Sorry I did not respond earlier. My son is back home and I am generally limiting my time here. I am glad you had others to relate with. Good on you for handling so much yesterday. Sifting through the NDIS stuff is hard work, getting to know company providers and individual workers and making all those choices. I have heard it said that the NDIS is like a fulltime job. There is something to that. I am going along with things unless I get messed around, but value hearing about your experiences as it gives me something to compare with ... some kind of yardstick in a new complex situation. It allows for me to do a little stepping back rather than jumping in at the deep end, which is the story of my life.
Regarding your new friend's crisis. There is a lot of sifting to go through individual's personal styles and figuring out the degree of risk for a given person. It is terrible to hear a person express suicidal thoughts. In people who have social consciences, the strain rises very high. I have been there so often and had no guidance. It is one of the reasons I think it is important that trauma load and specific triggers become a more regular part of mental health discussions. People are at many different points in their experiences and styles of managing suicidal thoughts and intentions. It is also one of my concerns about services going gung ho with peer support. The most vulnerable people supporting the most vulnerable ... there is scope for a few mess ups. MH services are struggling wth policies and protocols, despite being told they are professional I am yet to be convinced they have as much under control as they make out.
Making tough calls ... or deciding not to make them. At least you have more idea about the distress tolerance levels and values of that person. I think we both probably need to thicken our skins, but if we are not made that way from the beginning it is hard to do that.

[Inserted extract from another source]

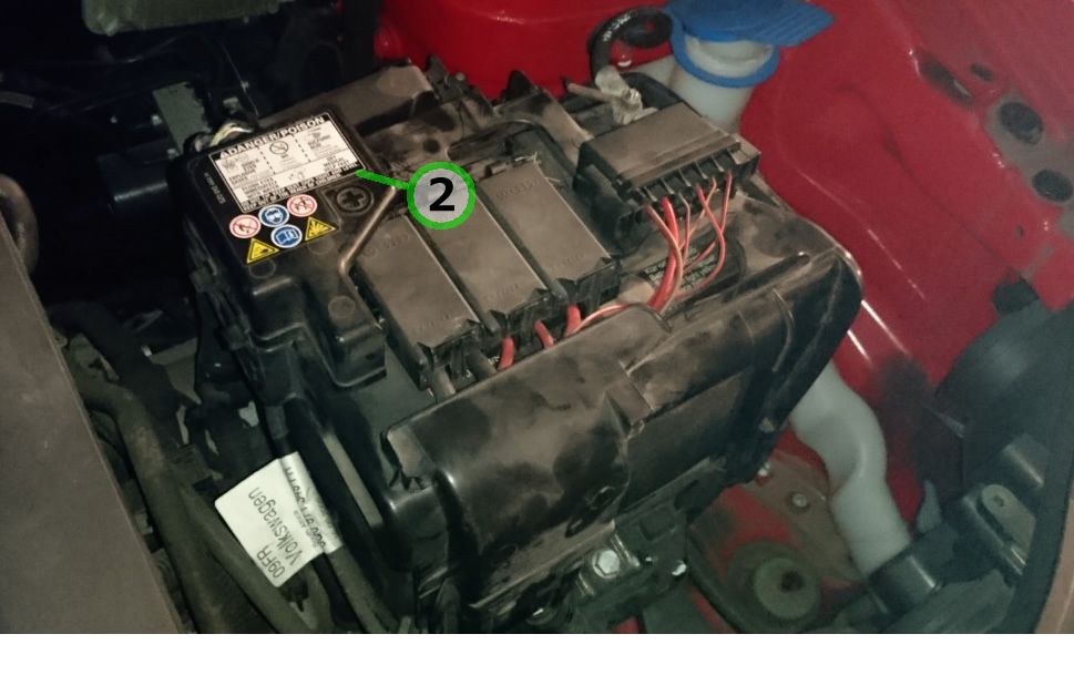 エンジンルームのバッテリー周辺。②のカバーを開けます。

Hugs Bella. I read through your post last night, but I could not respons immediately. The issues were too close and personal and I needed time to process as well as having family commitments.
22-10-2019 05:00 PM
22-10-2019 05:12 PM
Thanks @Appleblossom I appreciate all you have said. You take care too. Hope having your son back home works well for both of you. Would love to respond more but just haven't the energy this afternoon. Still trying to let go of all the issues yesterday brought up for me. Did have a good talk with my support worker today, but haven't been able to talk with someone from the group and the larger body that runs it to properly debrief yet.

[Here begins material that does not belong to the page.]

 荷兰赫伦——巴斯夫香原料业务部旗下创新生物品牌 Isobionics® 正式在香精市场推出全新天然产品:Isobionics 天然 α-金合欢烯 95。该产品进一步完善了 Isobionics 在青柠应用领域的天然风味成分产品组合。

Hi to you too @Shaz51 hope you haven't been working too hard and have had some time for yourself somewhere along the way today.
I've just been exhausted all afternoon - think it must be a post-adrenal rush hangover. I often have delayed reactions to intense situations. Have been making a list carrying jobs I was going to do today over til tomorrow. Also see my psychologist tomorrow so no doubt will be talking about this matter and my need for boundaries.
22-10-2019 05:16 PM
He is planning to move out Monday @eth Hope it goes well and is a good overall outcome from a very difficult few months. Has found a suitable little unit.
22-10-2019 05:18 PM
I hope it works out well @Appleblossom That's a big life change for you both. Lots to adjust to. Sounds really good that he is venturing into independence.